2-Eser sözleşmesinden doğan uyuşmazlıklarda akdî ilişkinin varlığı ile yapılıp teslim edilen işleri kanıtlama yükümlülüğü yükleniciye, ödemeleri ispat yükümlülüğü ise iş sahibine aittir. Akdî ilişkinin varlığı ve davalı tarafından davacıya 1.000,00 TL ödeme yapıldığı taraflar arasında çekişmeli değildir. Çekişme davacı yüklenicinin hakettiği iş bedeli noktasında toplanmaktadır. Davacı yapılan işlerle ilgili olarak 16.03.2005 tarihli tutanak ibraz etmiş, bu tutanakta yapılan işler 18 kalem halinde sayılmıştır. Tutanakta imzaların alt kısmına yapılan işlerin tutarı olarak 5.250,00 TL rakamı yazılmışsa da bu tutar davalı yanca kabul edilmemiş, tahrifat yapıldığı savunulmuştur. Bu tutanağa istinaden düzenlenen 20.07.2005 tarihli 5.250,00 TL’lik faturanın da davalıya tebliğ edildiği ve 8 günlük yasal süre içinde itiraz edilmeksizin kesinleştiği kanıtlanamamıştır. Anılan fatura davalı defterlerinde kayıtlı da bulunmamaktadır. Bu durumda, iş bedelinin Borçlar Kanunu’nun 366. maddesi hükmü uyarınca işlerin yapıldığı 2005 yılının serbest piyasa rayiçlerine göre belirlenmesi gerekir. Mahkemece davacının hak ettiği iş bedelinin konunun uzmanı olan gemi inşaat mühendisinden alınacak raporla belirlenmesi gerekirken taraf defterleri üzerinde mali müşavir bilirkişiye inceleme yaptırılarak ve davacı yüklenicinin işletme defterindeki kayıtlara itibar edilerek sonuca gidilmesi doğru olmamıştır. Davacının ticari defterlerinin usulüne uygun olduğu ve delil niteliği taşıdığı yönünde raporda bir açıklama bulunmamaktadır. Bu nedenle davalının ticari defterlerine dayanılarak yazılı şekilde hüküm verilmesi doğru olmamıştır.
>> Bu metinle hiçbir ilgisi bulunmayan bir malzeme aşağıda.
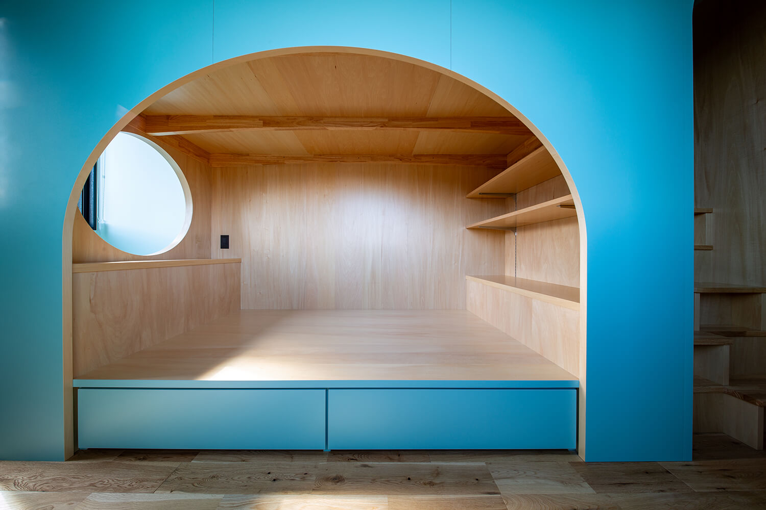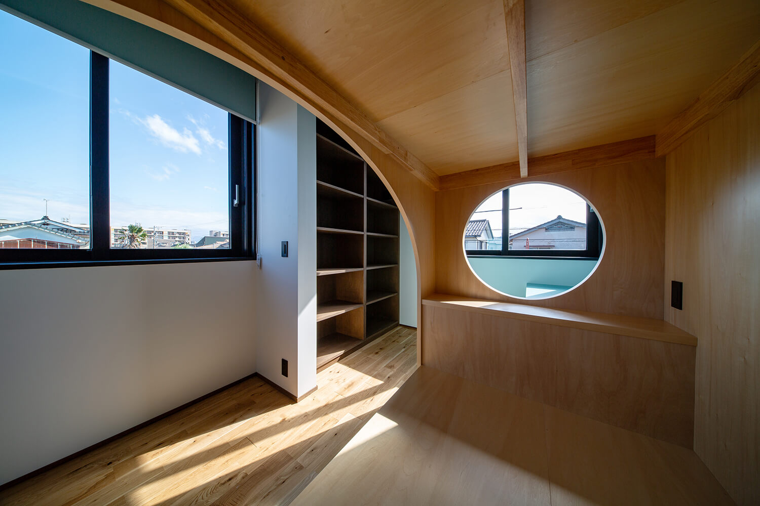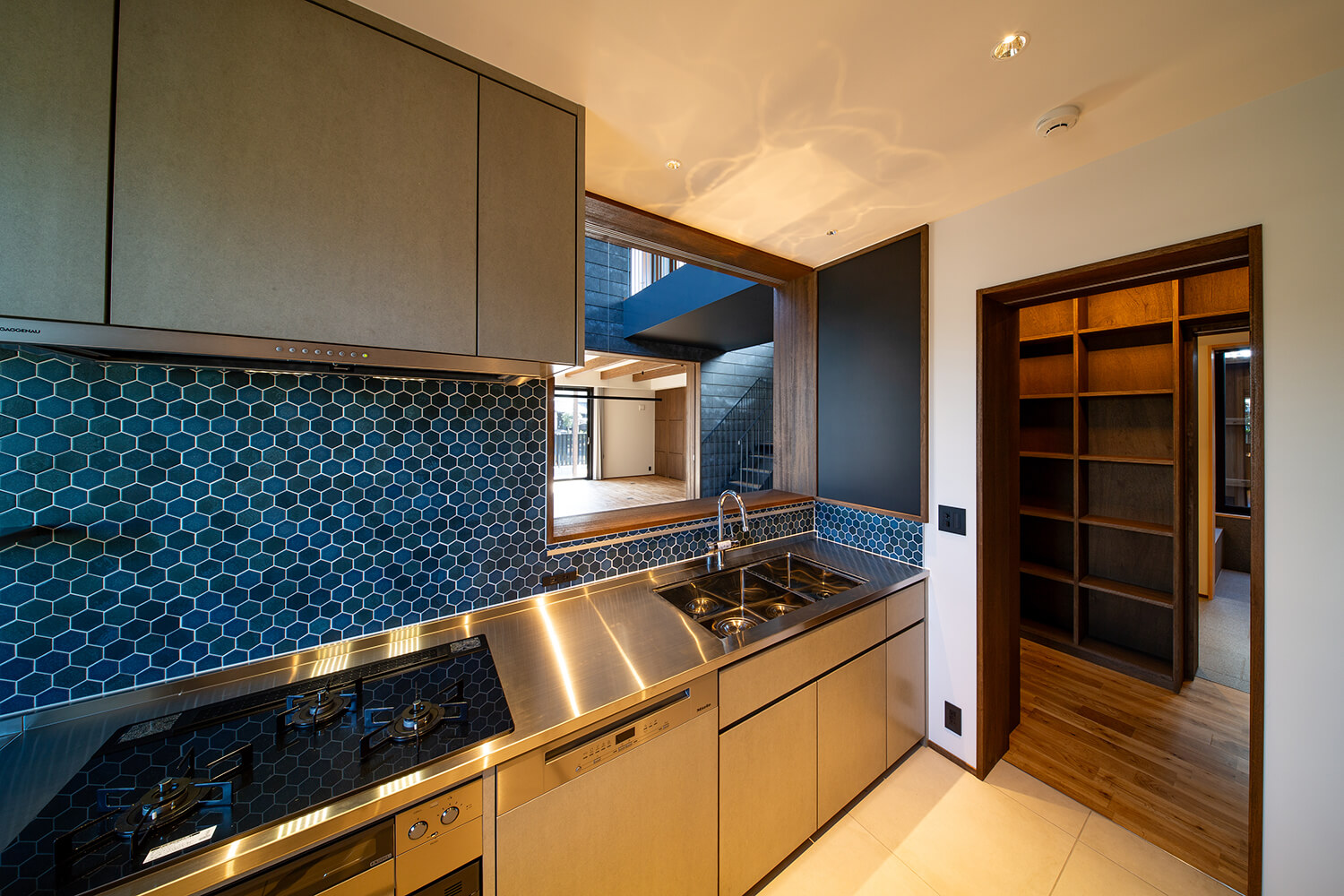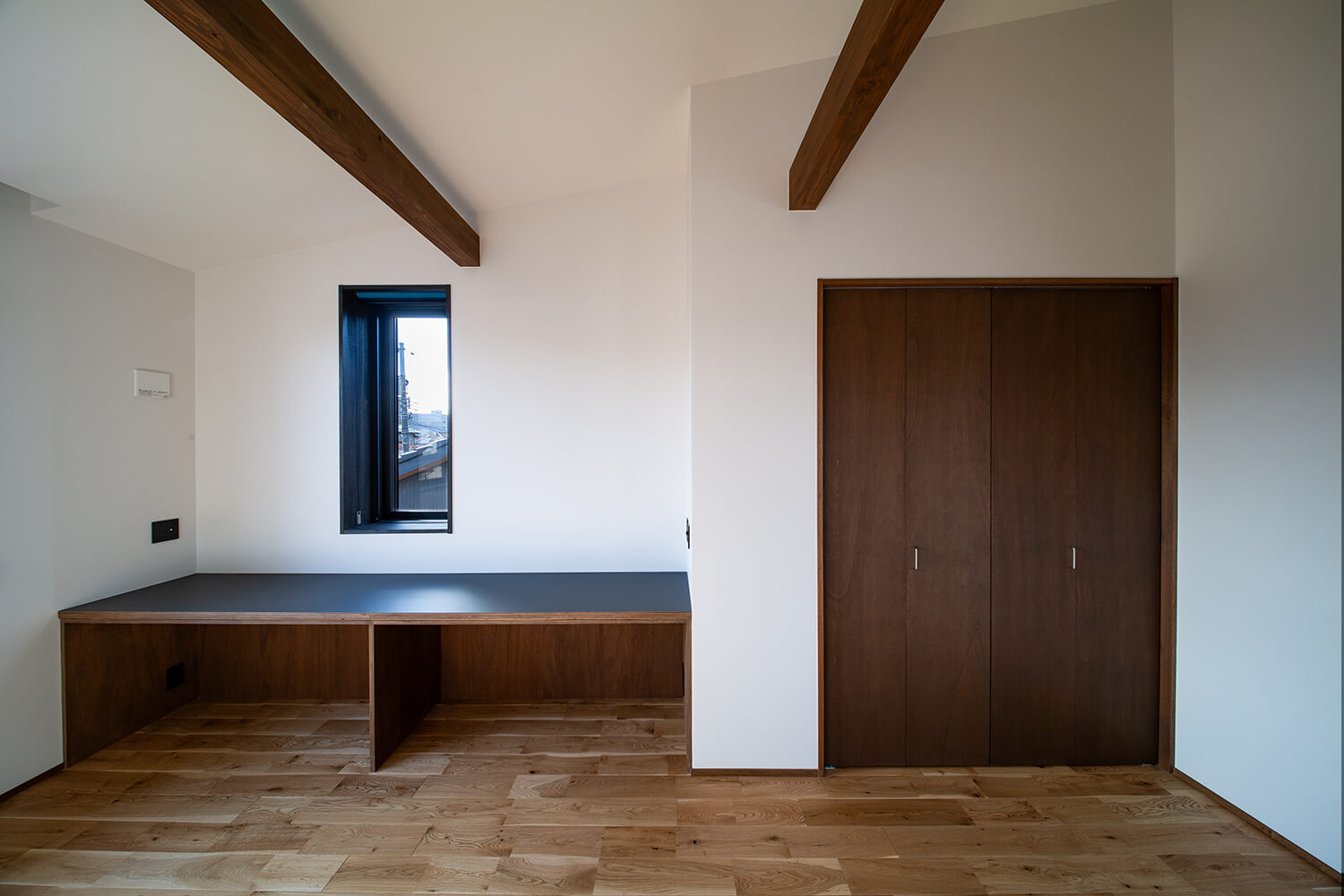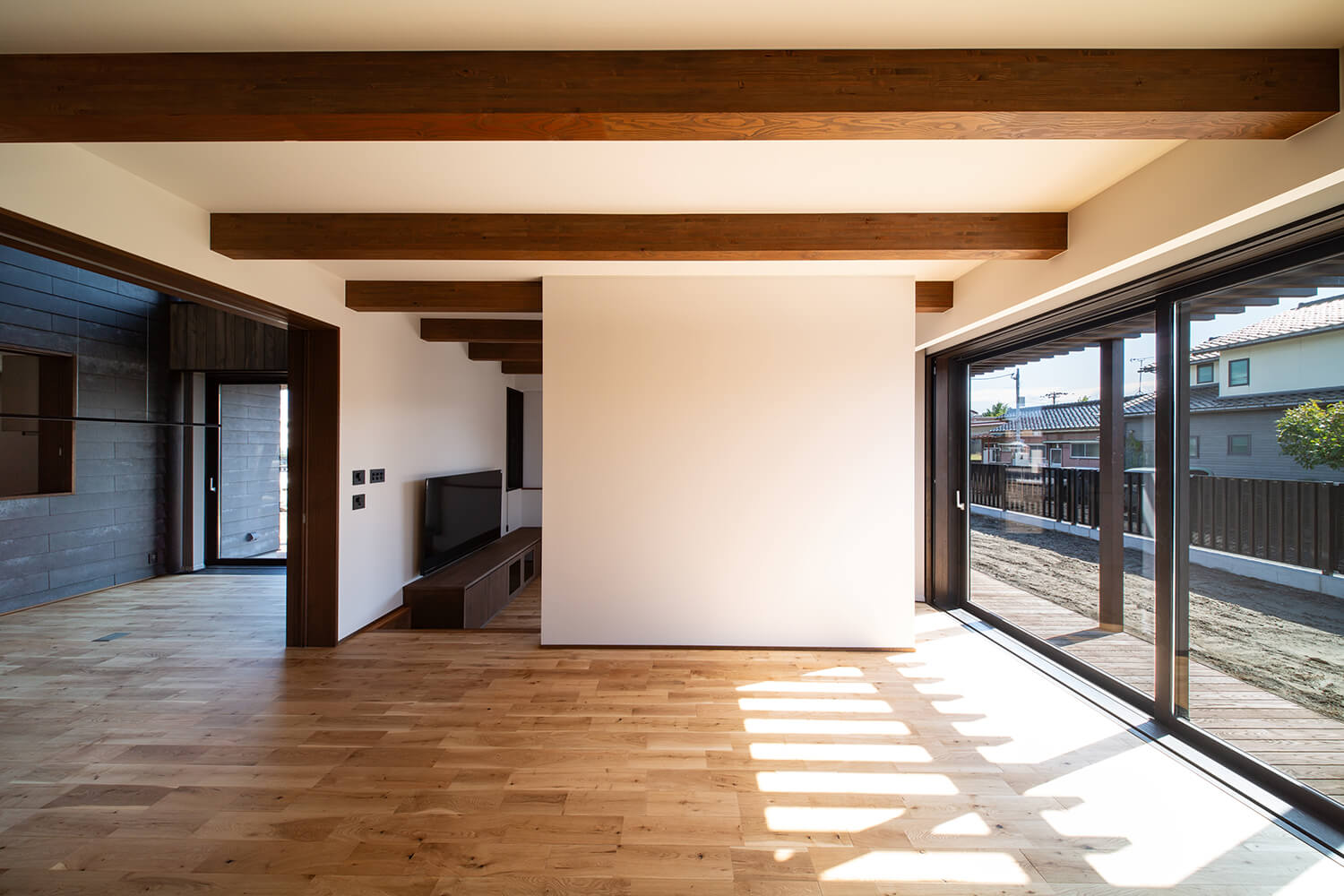 廊下を抜けると、サービス棟とリビング棟の間にある吹き抜けのダイニングルームに出る。ダイニングの西側には階段があり、階段前の大きな開口部はセットバックによって得られた坪庭に面している。階段下のスペースは床を下げ、ペットの寝床を設けた。東側にはウッドデッキが設けられており、現在は広い庭が広がっているが、将来的に隣地に家が建つ場合でも、東側にもプライバシーのある坪庭ができるように配慮されている。ダイニングに隣接するリビングは、耐震等級3を確保するために必要な耐力壁で2つの空間に分けられ、応接室と、リラックスしてテレビを楽しめるエリアに分かれている。吹き抜けに面する各棟の2階には家族の寝室やスタディルーム、音楽室などがあり、吹き抜けを通じて家族間の適度な距離を保ちながらも一体感を感じられるよう配慮している。
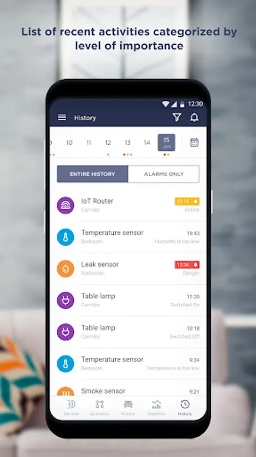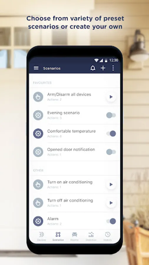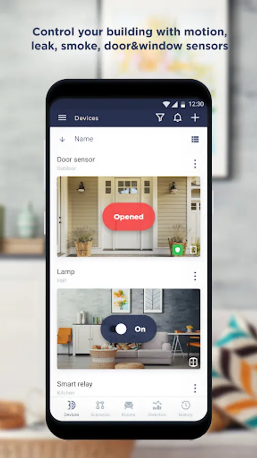 • add to your Smart Home Security system any smart Wi-Fi devices – sensors, locks, household appliances, sockets, IR remote controls, air conditioners, heaters, video cameras and others,
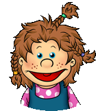 A cheerful Living Puppets girl with messy braids and freckles smiles, adorned with red hearts, expressing love.
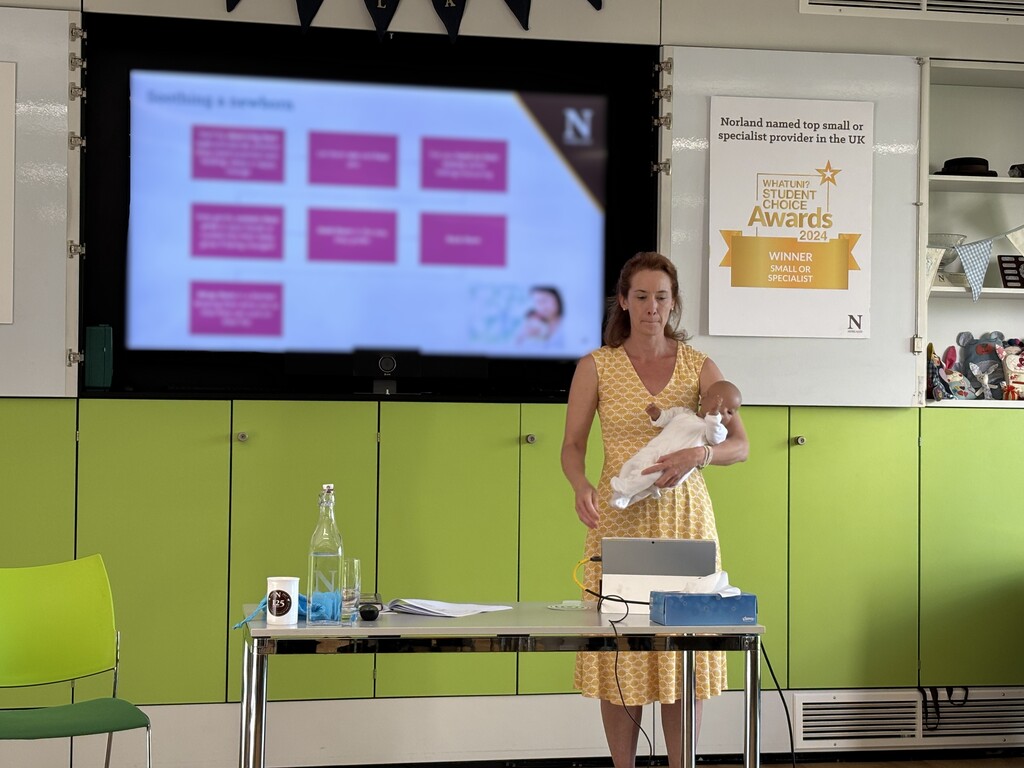 この新生児ケアワークショップは、ナニーとして活躍後、現在はノーランドカレッジにて後進の育成にあたられている先生が担当してくださいました。
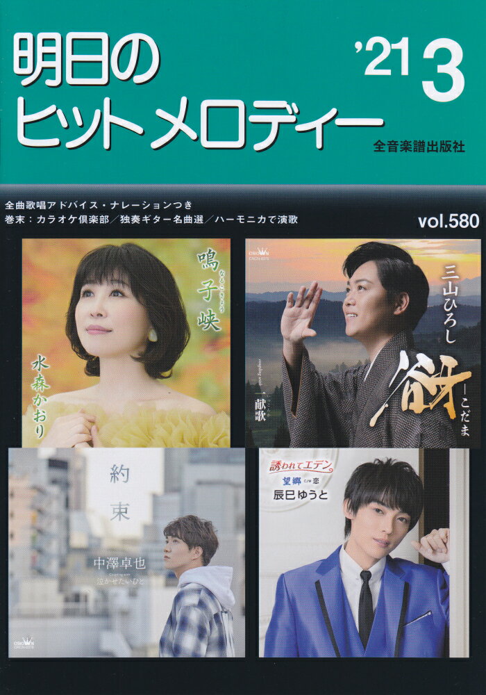 演歌・歌謡曲の最新曲をいち早く集めたカラオケファンのための最新曲集です。全曲に前・間・後奏、オブリガート、テンポ表示、リズム型、冒頭ナレーションと歌唱アドバイスまで入った完璧な楽譜になっています。巻末には楽譜が読めなくてもタブ譜でヒット曲が弾ける『独奏ギター名曲選』とハーモニカの独奏で演歌を楽しめる『ハーモニカで演歌』、分かりやすくて丁寧な指導で新曲が唄える『カラオケ倶楽部』といった色々なコーナーを収録。音楽マメ知識付きです。【新曲】哀愁夜曲/サイリン、居酒屋「昭和」/八代亜紀、笑顔の花/古都清乃、恋待ち化粧/若原りょう、谺─こだま/三山ひろし、残波/天童よしみ、人生の贈りもの/北原ミレイ、約束/中澤卓也、酔わせて候/山崎ていじ、別れの彼方/増位山太志郎、誘われてエデン/辰巳ゆうと、鳴子峡/水森かおり、東日本大震災/Yukari、東京シネマ/沢井 明【B面コーナー】越後平野/福田こうへい、雨の堂島川/岩本公水、菜の花しぐれ/小桜舞子、バラの傷あと/松尾雄史【特集:演歌 夢の競演】母ちゃんの浜唄/市川由紀乃、はぐれ花/福田こうへい、麦畑/市川由紀乃&福田こうへい【独奏ギター名曲選】酒しずく/三丘翔太【ハーモニカで演歌】松竹梅/水雲ーMIZMO-【カラオケ倶楽部】命 道づれ/秋岡秀治、お帰りなさい/小桜舞子、男富士/鏡 五郎、かんべんナ/福田こうへい、流れ舟/松尾雄史、望郷歌/岡ゆう子
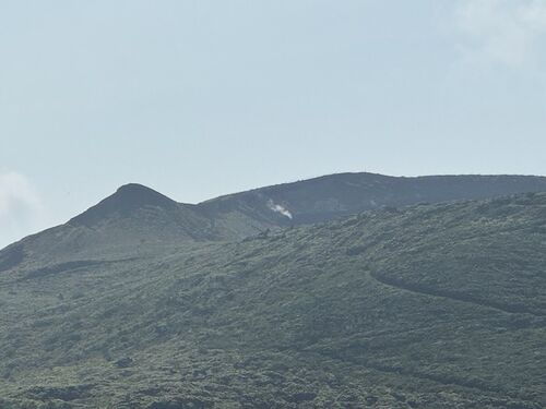 8月29日、一人旅の女性と一緒に、三原山に登ってきました。 20日近く雨は降っていませんでしたが、火口の壁からは久しぶりに一筋の噴気が立ち上っているのが見えました。 見上げる青空は美しいけれど… 風が弱くて暑すぎるので、日傘&濡れタオル必須! お客様…
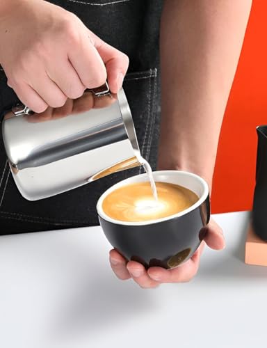 - يتميز إبريق الحليب بسعة 350 مل أو 12 اونصة، مما يجعله بحجم مثالي لصنع رغوة الحليب لكوب أو كوبين من القهوة أو الكابتشينو أو اللاتيه. تسمح علامات القياس داخل الإبريق بالتحكم الدقيق في كمية الحليب المستخدمة، مما يضمن الاتساق في كل مشروب تم إعداده.
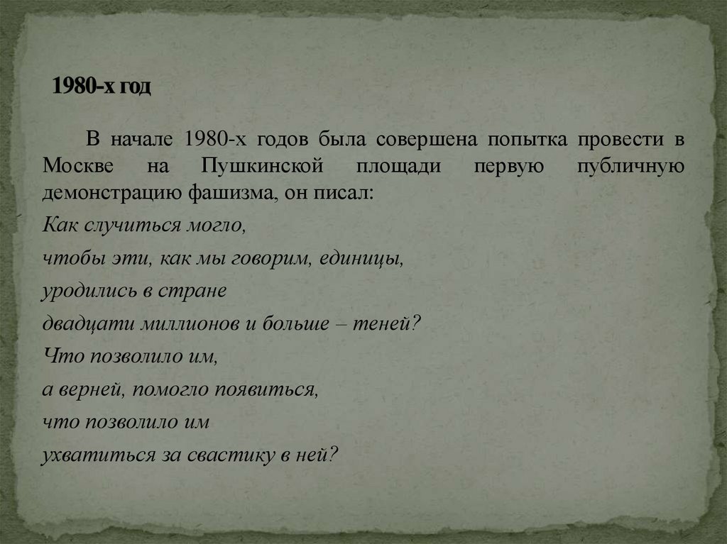 В начале 1980-х годов была совершена попытка провести вМоскве на Пушкинской площади первую публичную
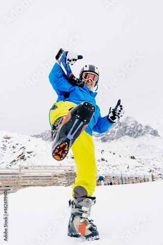 Portait of happy skier in ski area
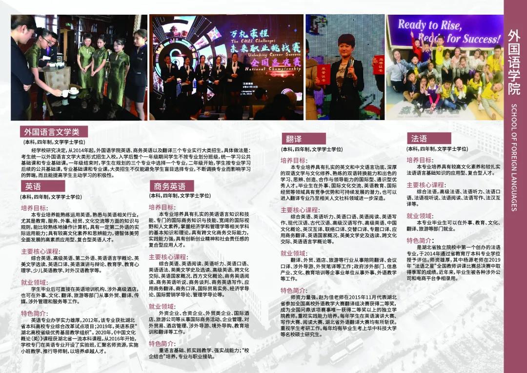 你想成为英语培训师,或者一线的翻译工作者,或者涉外公司驻外代表,又或者想考上心仪的研究生院校,请选择江汉大学文理学院英语专业,优秀的组织、优秀的团队正在张开双臂迎接优秀的学子,欢迎与我们一道再创外国语学院的辉煌!

Mahkemece yapılacak iş, konusunda uzman gemi inşaat mühendisinden rapor alınarak 16.03.2005 tarihli tutanakta belirtilen 18 kalem işin bedelini 2005 yılının rayiçlerine göre saptamak, düzenlenen 5.250,00 TL bedelli faturanın piyasa rayiçlerine uygun olup olmadığını denetlemek, kabul edilen 1.000,00 TL ödemeyi mahsup ederek sonucuna göre hüküm kurmak olmalıdır. Açıklanan nedenlerle kararın bozulması gerekmiştir.
SONUÇ: Yukarıda 1. bentte yazılı nedenlerle davalı vekilinin sair temyiz itirazlarının reddine, 2. bent uyarınca kararın temyiz eden davalı yararına BOZULMASINA, ödediği temyiz peşin harcının istek halinde temyiz eden davalıya geri verilmesine, karar düzeltme yolu kapalı olmak üzere 30.12.2014 gününde oybirliğiyle karar verildi.